YOUR INSTRUCTIONS:
An exact transcription of all the data is required; the pictures are to be left out.

SUPPLIED DATA:
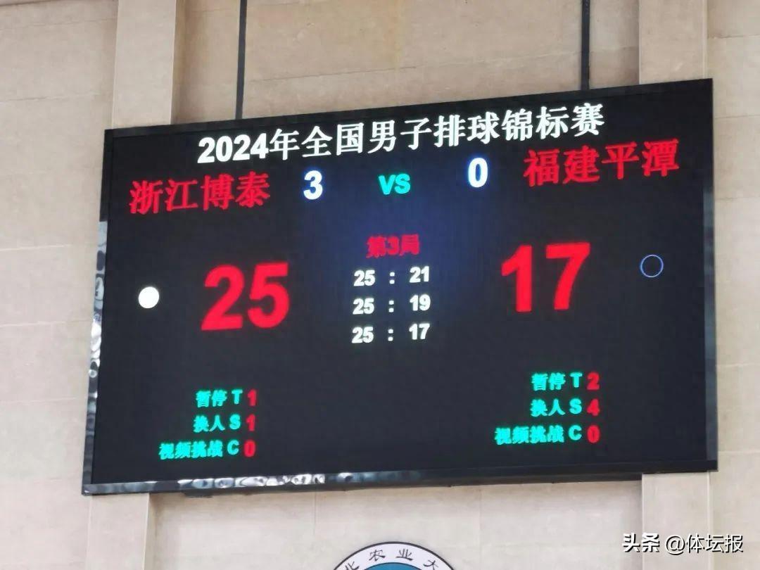 9月29日,2024年全國男排錦標賽在保定市河北農業大學(西校區)體育館落幕。浙江博泰男排在5、6決賽中,以3:0戰勝福建平潭男排,收穫第五名。
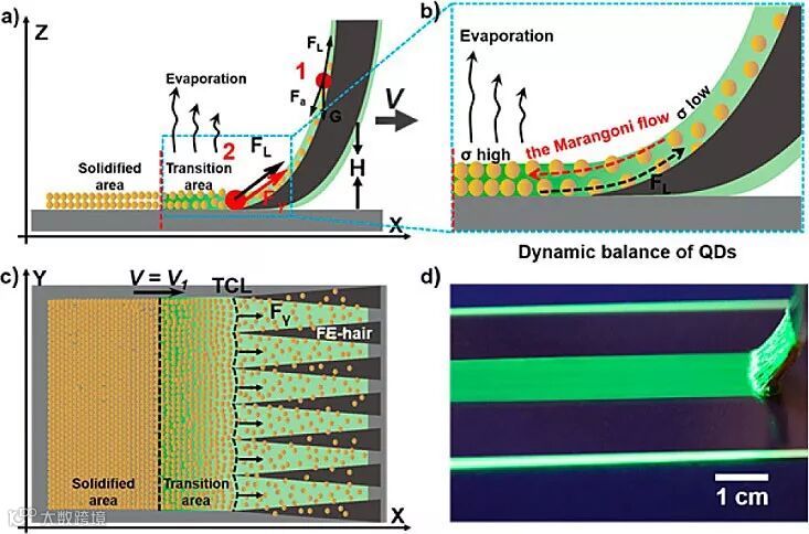 图4. 非对称纤维引导下QDs在整个溶液转移过程中的动态平衡示意图。(a)涂刷过程的侧视图卡通图,其中在锥形纤维的作用下调控QD溶液的转移。在区域1中,QD溶液由于FL、Fa和G的协同作用而稳定地维持在毛笔的纤维内;(b)在区域2中,非对称溶剂挥发引起的Marangoni流和Laplace力的协同作用下,平衡溶液中的粒子分布。σ是表面张力;(c)由锥形纤维引起的TCLs的俯视卡通画,显示两个相邻纤维内形成的多个弯月形TCLs,这有助于沿着纤维产生方向应力;( d )涂刷过程的光学图像,其中QD溶液均匀地转移到基底上。
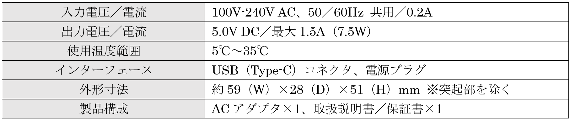 ・USB(Type-C)コネクタが使用でき、出力は最大1.5A(7.5W)

SOLUTION TO THIS TASK:
 9月29日,2024年全國男排錦標賽在保定市河北農業大學(西校區)體育館落幕。浙江博泰男排在5、6決賽中,以3:0戰勝福建平潭男排,收穫第五名。
 图4. 非对称纤维引导下QDs在整个溶液转移过程中的动态平衡示意图。(a)涂刷过程的侧视图卡通图,其中在锥形纤维的作用下调控QD溶液的转移。在区域1中,QD溶液由于FL、Fa和G的协同作用而稳定地维持在毛笔的纤维内;(b)在区域2中,非对称溶剂挥发引起的Marangoni流和Laplace力的协同作用下,平衡溶液中的粒子分布。σ是表面张力;(c)由锥形纤维引起的TCLs的俯视卡通画,显示两个相邻纤维内形成的多个弯月形TCLs,这有助于沿着纤维产生方向应力;( d )涂刷过程的光学图像,其中QD溶液均匀地转移到基底上。
 ・USB(Type-C)コネクタが使用でき、出力は最大1.5A(7.5W)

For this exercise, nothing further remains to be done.